The banking groups sent a formal letter to lawmakers explaining their hardline stance. They argued that the current exceptions written into the CLARITY Act create a dangerous legal loophole. The banks claim that this loophole will enable crypto companies to evade the intended prohibition easily. They warned that allowing these rewards would directly incentivize everyday customers to hold and grow massive stablecoin balances at the direct expense of traditional bank deposits.
Crypto advocates fired back immediately, slamming the massive banks for interfering with free-market innovation. Paul Grewal, the Chief Legal Officer for the popular crypto exchange Coinbase, took his anger to the social media platform X. He boldly stated that the banking lobby’s new proposal is simply a calculated design for killing market competition. He believes the banks just want to protect their own profits by crushing new technology before it takes off.
Grewal explained that the crypto industry has already made huge compromises. He highlighted that crypto companies completely shifted their focus away from offering traditional interest-bearing accounts. Instead, the industry now only targets basic transaction-based rewards, standard loyalty incentives, and simple consumer benefits tied directly to blockchain use. He ended his angry message by telling the banking lobby, “Enough already.”
Despite these loud objections from the banking sector, the Senate Banking Committee plans to proceed with a formal markup session next week.
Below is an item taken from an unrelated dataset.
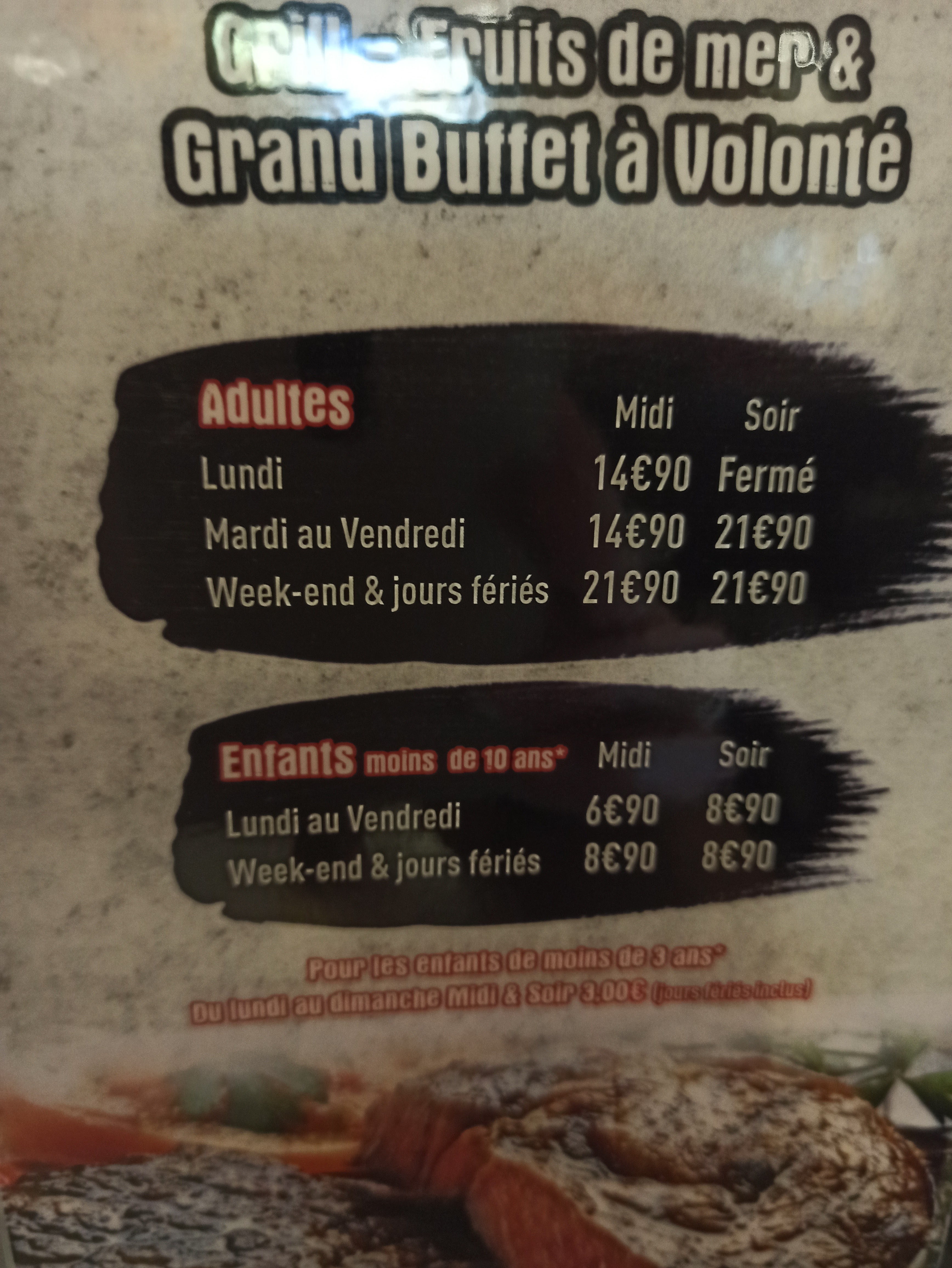 L endroit est sympa. Bruyant mais c est typique des buffets à volonté. Le personnel est agréable. Pour la viande sur grill que j avais choisil entrecote était de très bonne qualité. Le menu enfant au delà de 3ans est de 11.99 et 3 euros en dessous de 3 ans. Vous êtes facturé d office. 21.99 euros pour un adulte Je pense que c est un bon rapport qualité prix dans l ensemble. J améliorerais ma notation sur une autre visite de confirmation.

This forward movement suggests that the CLARITY Act finally gained fresh political momentum after facing massive legislative hurdles last summer. Lawmakers seem ready to finally vote on the rules and put the issue to bed.
Senators Alsobrooks and Tillis refuse to back down. They publicly stood by their original compromise, which legally permits crypto companies to offer small rewards when a customer actively uses a stablecoin to buy goods or transfer money. They believe this middle ground protects consumers without killing the digital economy.
The two lawmakers released a joint statement defending their hard work. They noted that their current language allows crypto firms to safely offer various forms of customer incentives. They emphasized that their compromise helps put Congress on a solid bipartisan path to pass the CLARITY Act. They stated the bill will provide the exact regulatory certainty needed to foster real innovation in America. They ended the statement with a sharp jab, acknowledging that some wealthy executives in the traditional banking industry may simply not want either of those good things actually to happen.